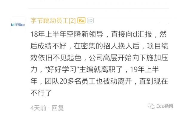 在更早之前的2020年,Edu指南曾对字节跳动教育业务,做过复盘。当时已提到:好好学习,2020年以来,起码在公开场合,业务没有被额外提及,某种意义上,可能进入了“修炼期,或者是瓶颈期”。
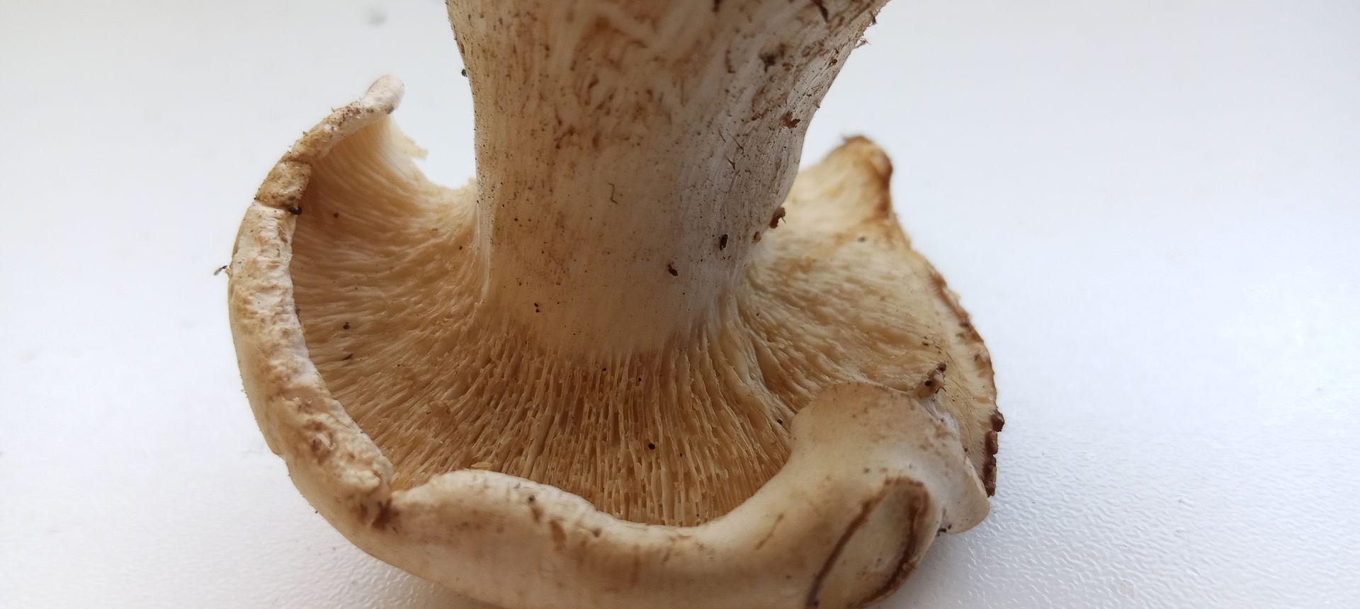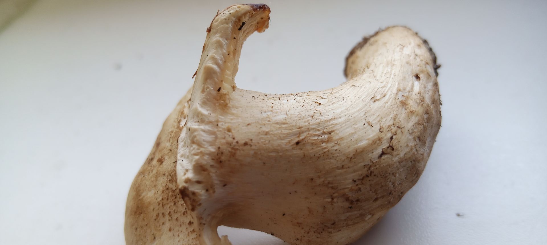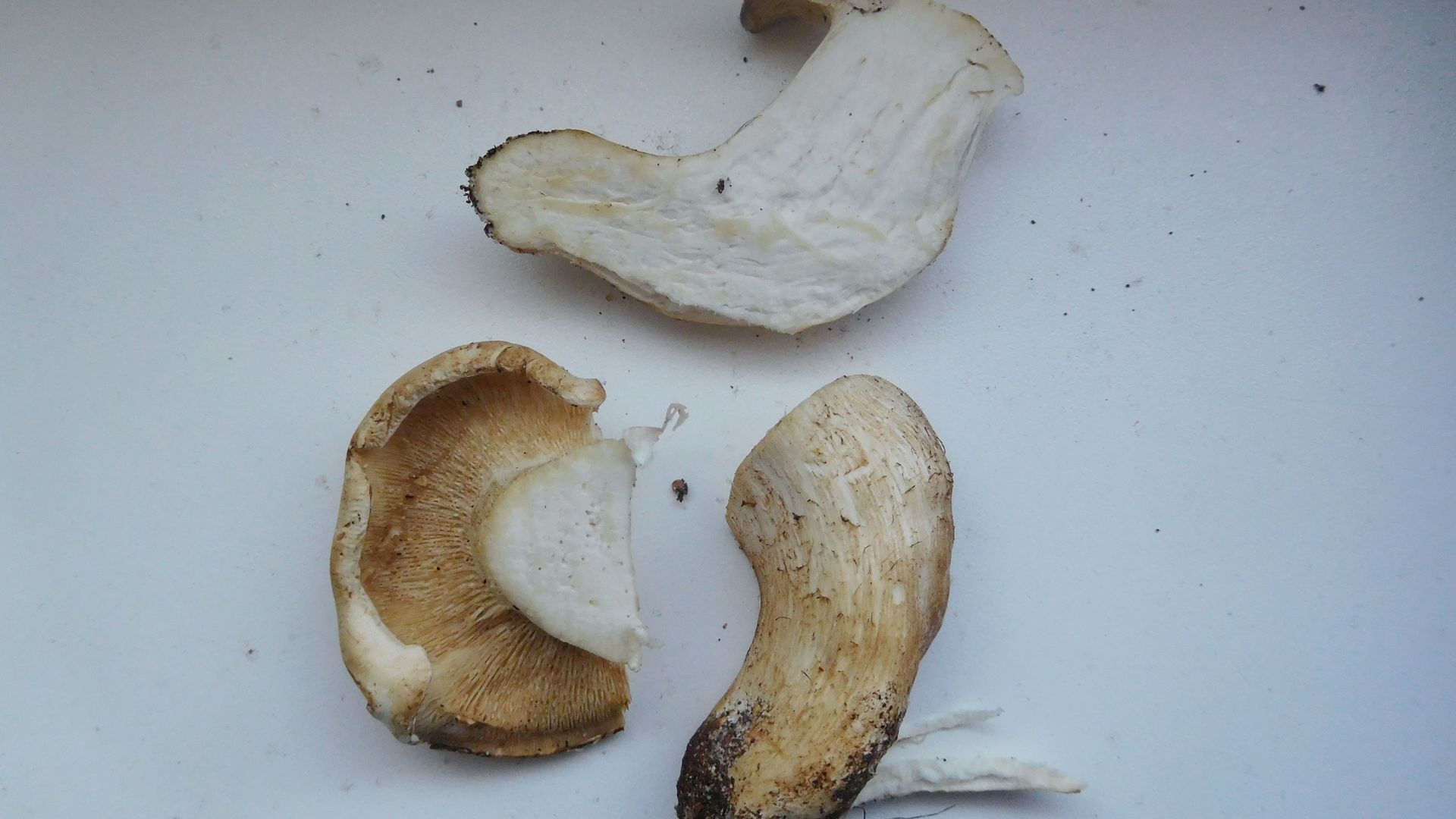 Der Stiel war sehr fest. Am Hut winzige Schuppen. Geruch süßsäuerlich, schwer zu definieren. Ich bin gedanklich bei Sägeblättlingen. Aber irgendwie passt es nicht wirklich, angefangen vom angeblichen Wachstum auf Waldboden (natürlich können Wurzel im Boden sein). Hat jemand eine bessere Idee?
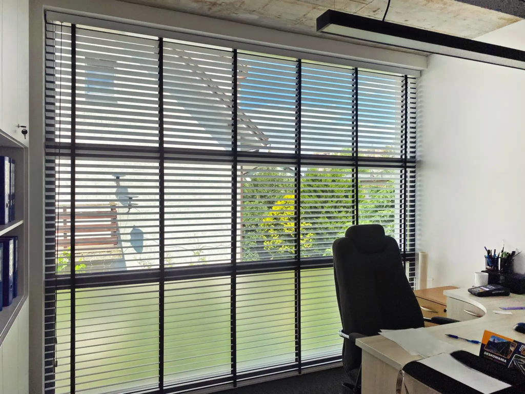 - Łatwość utrzymania w czystości i higiena – aluminium można łatwo czyścić z kurzu, a lamele można codziennie przemywać lub dezynfekować antyseptykami, co sprawia, że żaluzje są higieniczne i bezpieczne w użytkowaniu, zwłaszcza w biurach i placówkach medycznych.

* * *

## TASK DESCRIPTION:
Print every line above once more, exactly. Omit the pictures.

## WRITTEN RESPONSE:
 在更早之前的2020年,Edu指南曾对字节跳动教育业务,做过复盘。当时已提到:好好学习,2020年以来,起码在公开场合,业务没有被额外提及,某种意义上,可能进入了“修炼期,或者是瓶颈期”。
 Der Stiel war sehr fest. Am Hut winzige Schuppen. Geruch süßsäuerlich, schwer zu definieren. Ich bin gedanklich bei Sägeblättlingen. Aber irgendwie passt es nicht wirklich, angefangen vom angeblichen Wachstum auf Waldboden (natürlich können Wurzel im Boden sein). Hat jemand eine bessere Idee?
 - Łatwość utrzymania w czystości i higiena – aluminium można łatwo czyścić z kurzu, a lamele można codziennie przemywać lub dezynfekować antyseptykami, co sprawia, że żaluzje są higieniczne i bezpieczne w użytkowaniu, zwłaszcza w biurach i placówkach medycznych.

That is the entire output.